Description of the task -> Restate all of the records below exactly. Do not carry over any image.

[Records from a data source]
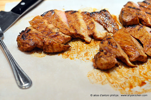 Coat a cast iron skillet well with cooking spray. Turn heat to medium high and let it get hot. Put the pork chops in (do not crowd) and cook on each side about 4 minutes varying heat flame between medium and medium high Remove to a cutting board covered with parchment paper. Deglaze the skillet with about 1/3 cup of water then pour this ‘au jus’ into a container for serving with chop if desired. Cover the chops with a lid and let rest about 5 minutes. Slice at an angle and serve.
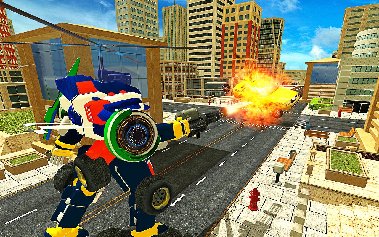 Control a super warrior leopard robot who can transform into many forms including plane, helicopter, car and motorcycle. Robot is equipped with unlimited ammos and 6 modern guns are fully loaded. Enjoy the best robot shooting games experience blended with robot battle and robot fighting games adventure.
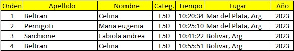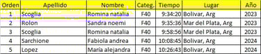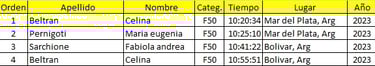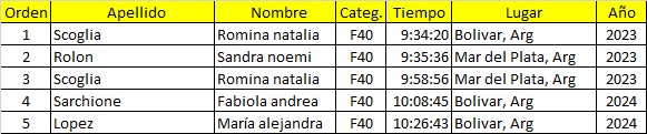 Mejores Marcas del Calendario Argentino de Ultramaratón 2023/2024.
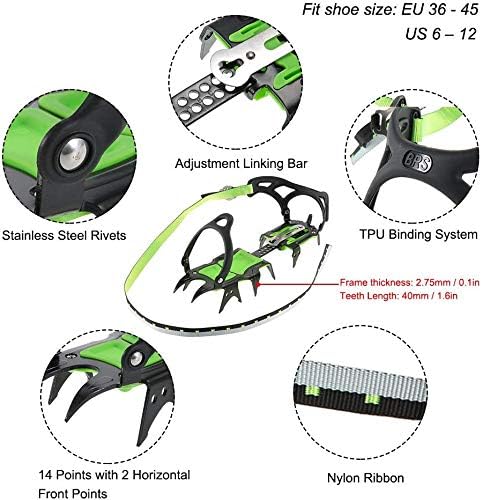 • ▎Stabil und sicher: Das Design mit 14 Zähnen, Nylongeflecht und Schnalle in der Ferse kann an den Stiefeln befestigt werden und bietet so mehr Stabilität und Sicherheit.
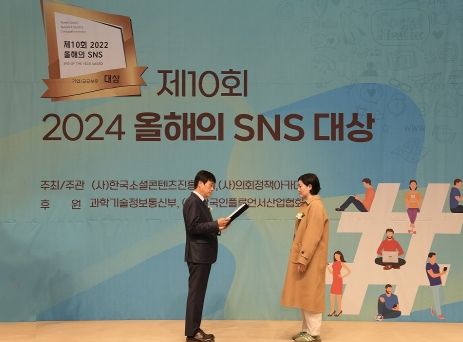 ‘올해의 SNS’는 한국소셜콘텐츠진흥협회와 의회정책아카데미가 주최‧주관하고, 과학기술정보통신부가 후원하는 대회다. 전국 공공기관‧기업의 블로그, 인스타그램, 유튜브 등 SNS 활용 역량을 사용자 투표, 전문가 심사 등 종합적 평가를 거쳐 최종 선정한다.
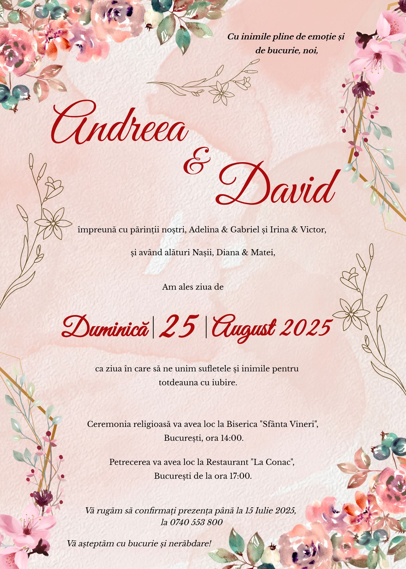 Invitația digitală „Petale de Legământ” este realizată manual, cu un design floral romantic, disponibilă ca fișier PDF sau imagine, gata de trimis pe orice canal digital. Este alegerea perfectă pentru cuplurile care doresc o invitație de nuntă modernă, personalizată și ușor de distribuit.
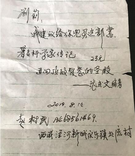趙大爺退休之前是一名優(yōu)秀的教師。住院期間,在和護(hù)士長溝通交流的過程中,得知護(hù)士長的孩子在上高中,便記在了心里,一天早上查房時(shí),他鄭重其事地將一張推薦購買優(yōu)秀書籍的紙條遞到護(hù)士長的手里,自己病魔纏身,還替別人操這份心,護(hù)士長劉莉很感動。
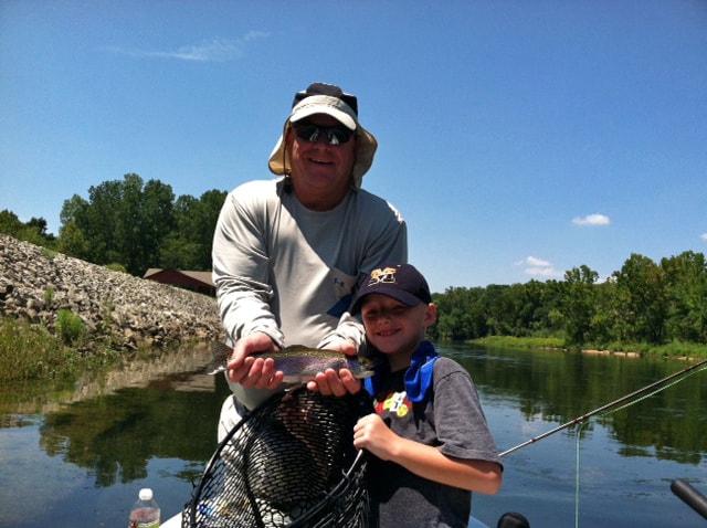 How about that for a great father/son team?  Gina had Hunter and his father out again on Tuesday.  Hunter hooked up with some fish, but had more fun netting his father’s fish.  Slow start, but after the water came on and it settled out a little, they had a good full day on the ruby midge under the fur bug, a P&P and the big ruby.  Stan had another father/son out.  Fred, and his son, Troy, from Nixa spent the morning catching fish on the primrose & pearl midge.  And the last father/son group was with Jim.  John and Joshua, from Ballwin.  These new fly fishers caught most of their fish on the CQ streamer.
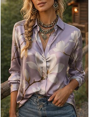 Per donna Camicia Camicia in raso Stampato Floreale Grafico Vacanza Moda Quotidiano Manica Lunga Colletto a Camicia Top lunghi Quotidiano Ferie Uscire Viola Estate Primavera Autunno
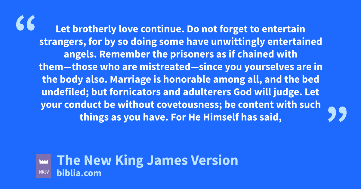 13 Let abrotherly love continue. 2 bDo not forget to entertain strangers, for by so doing csome have unwittingly entertained angels. 3 dRemember the prisoners as if chained with them—those who are mistreated—since you yourselves are in the body also.
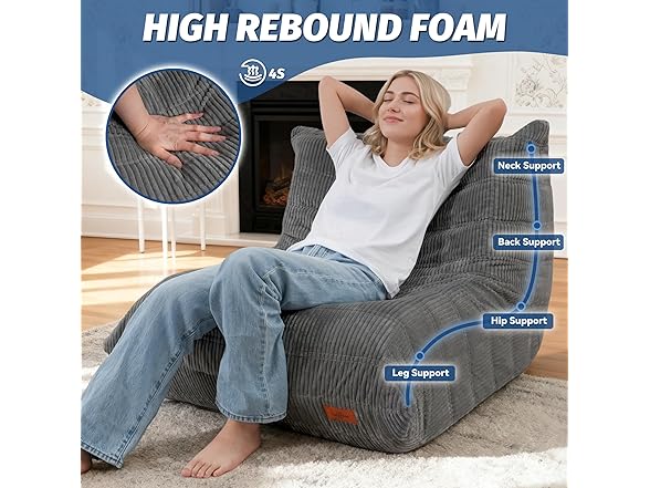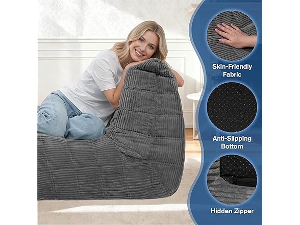 - 【Skin-Friendly Corduroy】Adopted with premium texture, this bean bag chair combines the practicability with elegance. This vertical striped fabric of soft touch, skin-friendly to your kids and pets, which is durable, anti-pilling, breathable and odorless. Compared with the faux fur or faux leather chair, the fabric of this giant bean bag chair will not lint or peel off at all. Besides, the round edge and reinforced stitching makes these beanbag chair durable and safe in daily use.
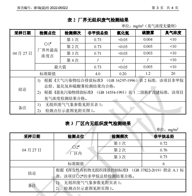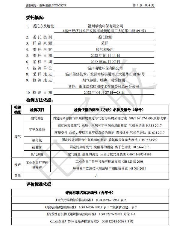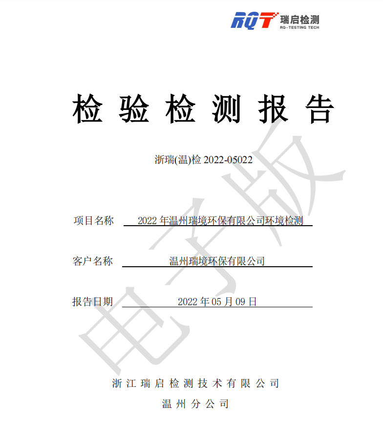 關(guān)于2022年溫州瑞境環(huán)保科技有限公司環(huán)境檢測報告的公示

Your solution ->
 Coat a cast iron skillet well with cooking spray. Turn heat to medium high and let it get hot. Put the pork chops in (do not crowd) and cook on each side about 4 minutes varying heat flame between medium and medium high Remove to a cutting board covered with parchment paper. Deglaze the skillet with about 1/3 cup of water then pour this ‘au jus’ into a container for serving with chop if desired. Cover the chops with a lid and let rest about 5 minutes. Slice at an angle and serve.
 Control a super warrior leopard robot who can transform into many forms including plane, helicopter, car and motorcycle. Robot is equipped with unlimited ammos and 6 modern guns are fully loaded. Enjoy the best robot shooting games experience blended with robot battle and robot fighting games adventure.
 Mejores Marcas del Calendario Argentino de Ultramaratón 2023/2024.
 • ▎Stabil und sicher: Das Design mit 14 Zähnen, Nylongeflecht und Schnalle in der Ferse kann an den Stiefeln befestigt werden und bietet so mehr Stabilität und Sicherheit.
 ‘올해의 SNS’는 한국소셜콘텐츠진흥협회와 의회정책아카데미가 주최‧주관하고, 과학기술정보통신부가 후원하는 대회다. 전국 공공기관‧기업의 블로그, 인스타그램, 유튜브 등 SNS 활용 역량을 사용자 투표, 전문가 심사 등 종합적 평가를 거쳐 최종 선정한다.
 Invitația digitală „Petale de Legământ” este realizată manual, cu un design floral romantic, disponibilă ca fișier PDF sau imagine, gata de trimis pe orice canal digital. Este alegerea perfectă pentru cuplurile care doresc o invitație de nuntă modernă, personalizată și ușor de distribuit.
趙大爺退休之前是一名優(yōu)秀的教師。住院期間,在和護(hù)士長溝通交流的過程中,得知護(hù)士長的孩子在上高中,便記在了心里,一天早上查房時(shí),他鄭重其事地將一張推薦購買優(yōu)秀書籍的紙條遞到護(hù)士長的手里,自己病魔纏身,還替別人操這份心,護(hù)士長劉莉很感動。
 How about that for a great father/son team?  Gina had Hunter and his father out again on Tuesday.  Hunter hooked up with some fish, but had more fun netting his father’s fish.  Slow start, but after the water came on and it settled out a little, they had a good full day on the ruby midge under the fur bug, a P&P and the big ruby.  Stan had another father/son out.  Fred, and his son, Troy, from Nixa spent the morning catching fish on the primrose & pearl midge.  And the last father/son group was with Jim.  John and Joshua, from Ballwin.  These new fly fishers caught most of their fish on the CQ streamer.
 Per donna Camicia Camicia in raso Stampato Floreale Grafico Vacanza Moda Quotidiano Manica Lunga Colletto a Camicia Top lunghi Quotidiano Ferie Uscire Viola Estate Primavera Autunno
 13 Let abrotherly love continue. 2 bDo not forget to entertain strangers, for by so doing csome have unwittingly entertained angels. 3 dRemember the prisoners as if chained with them—those who are mistreated—since you yourselves are in the body also.
 - 【Skin-Friendly Corduroy】Adopted with premium texture, this bean bag chair combines the practicability with elegance. This vertical striped fabric of soft touch, skin-friendly to your kids and pets, which is durable, anti-pilling, breathable and odorless. Compared with the faux fur or faux leather chair, the fabric of this giant bean bag chair will not lint or peel off at all. Besides, the round edge and reinforced stitching makes these beanbag chair durable and safe in daily use.
 關(guān)于2022年溫州瑞境環(huán)保科技有限公司環(huán)境檢測報告的公示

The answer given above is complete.